## [Task details]
The copy must run from the first line of the entries below through the line containing "Vergangene Nacht gab", restated word for word, with pictures left out.

## [Raw data]
== Segment start ==

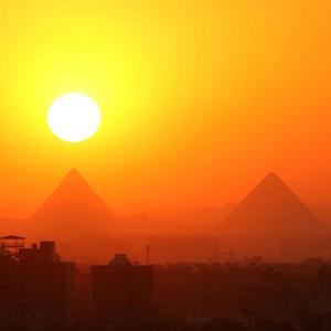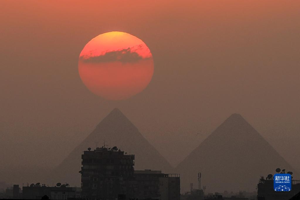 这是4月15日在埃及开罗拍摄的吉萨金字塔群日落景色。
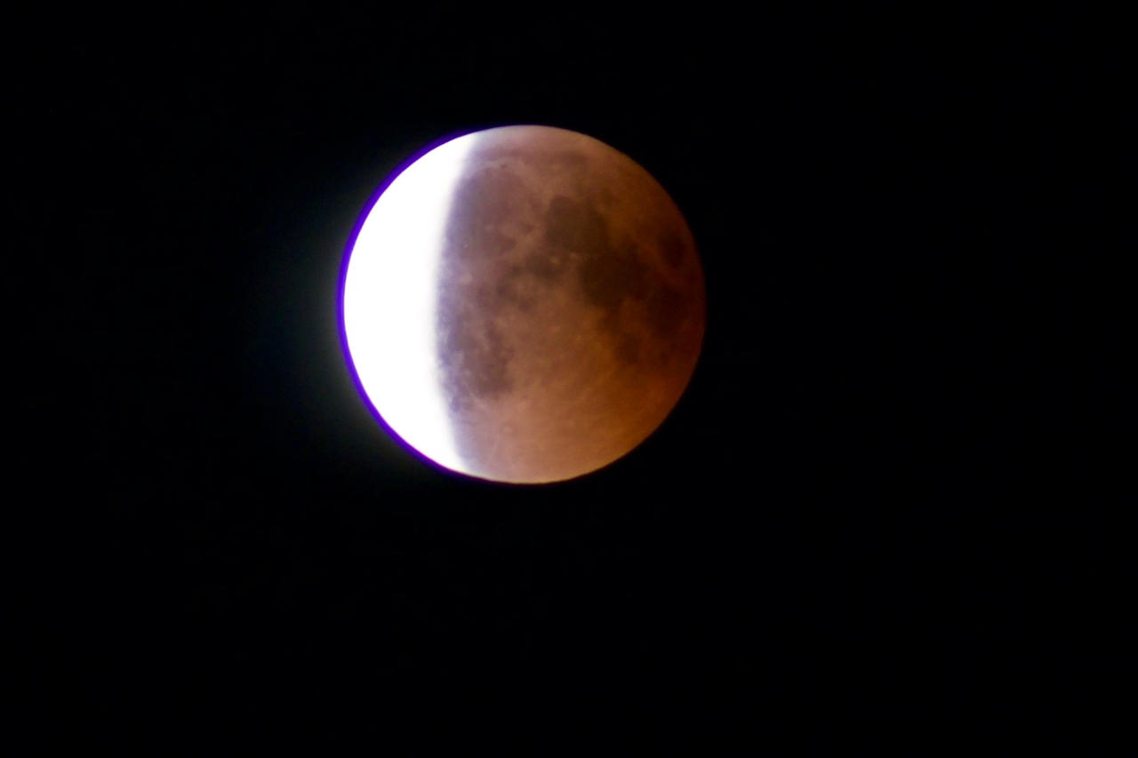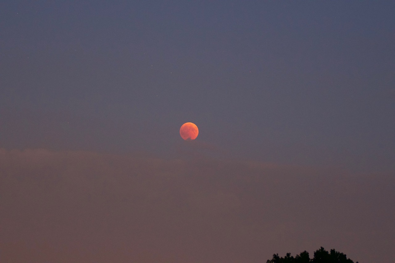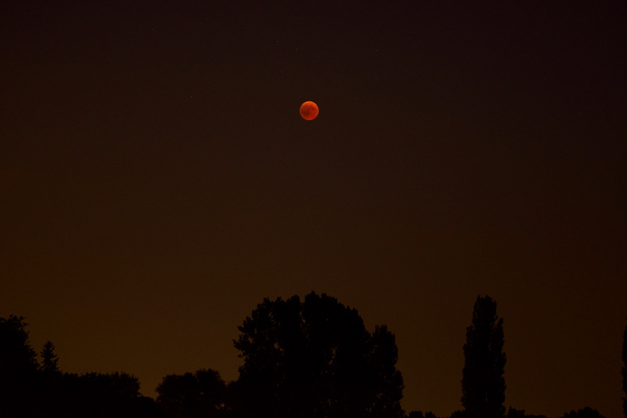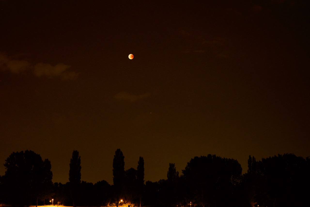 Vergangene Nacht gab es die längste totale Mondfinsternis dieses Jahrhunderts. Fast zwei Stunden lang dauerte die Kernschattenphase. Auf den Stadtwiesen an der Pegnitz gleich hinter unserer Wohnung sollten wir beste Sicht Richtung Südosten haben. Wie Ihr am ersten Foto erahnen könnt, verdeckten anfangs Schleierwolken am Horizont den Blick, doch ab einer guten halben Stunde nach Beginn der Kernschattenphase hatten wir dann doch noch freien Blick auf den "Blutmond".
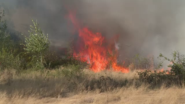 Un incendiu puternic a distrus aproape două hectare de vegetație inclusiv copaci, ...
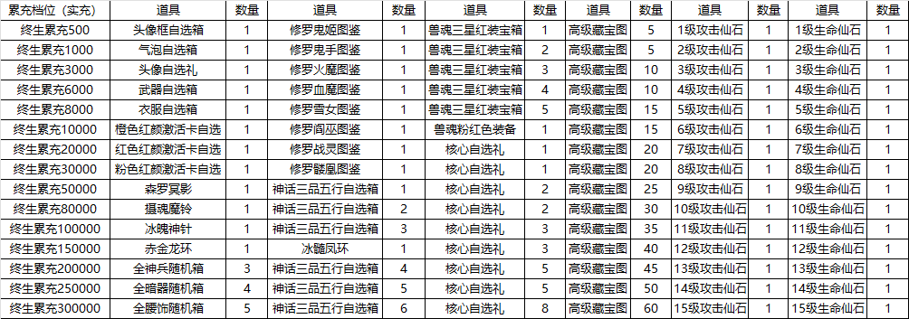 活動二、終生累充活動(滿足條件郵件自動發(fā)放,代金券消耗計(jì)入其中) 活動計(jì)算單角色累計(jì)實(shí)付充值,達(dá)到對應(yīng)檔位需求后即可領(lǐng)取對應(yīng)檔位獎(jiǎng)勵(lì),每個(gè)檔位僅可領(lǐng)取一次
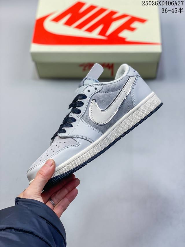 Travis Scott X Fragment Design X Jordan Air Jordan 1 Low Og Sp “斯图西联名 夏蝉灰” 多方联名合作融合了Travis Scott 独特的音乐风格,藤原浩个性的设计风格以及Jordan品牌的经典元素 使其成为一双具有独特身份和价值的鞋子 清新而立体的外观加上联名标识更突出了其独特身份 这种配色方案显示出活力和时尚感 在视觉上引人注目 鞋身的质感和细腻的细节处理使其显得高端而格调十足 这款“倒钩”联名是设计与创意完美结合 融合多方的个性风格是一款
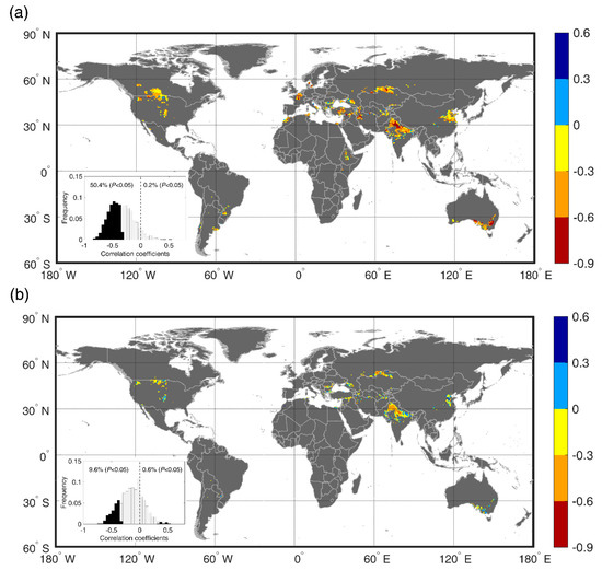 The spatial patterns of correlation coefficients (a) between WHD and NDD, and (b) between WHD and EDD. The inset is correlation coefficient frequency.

== Segment end ==

## [Your solution]
 这是4月15日在埃及开罗拍摄的吉萨金字塔群日落景色。
 Vergangene Nacht gab es die längste totale Mondfinsternis dieses Jahrhunderts. Fast zwei Stunden lang dauerte die Kernschattenphase. Auf den Stadtwiesen an der Pegnitz gleich hinter unserer Wohnung sollten wir beste Sicht Richtung Südosten haben. Wie Ihr am ersten Foto erahnen könnt, verdeckten anfangs Schleierwolken am Horizont den Blick, doch ab einer guten halben Stunde nach Beginn der Kernschattenphase hatten wir dann doch noch freien Blick auf den "Blutmond".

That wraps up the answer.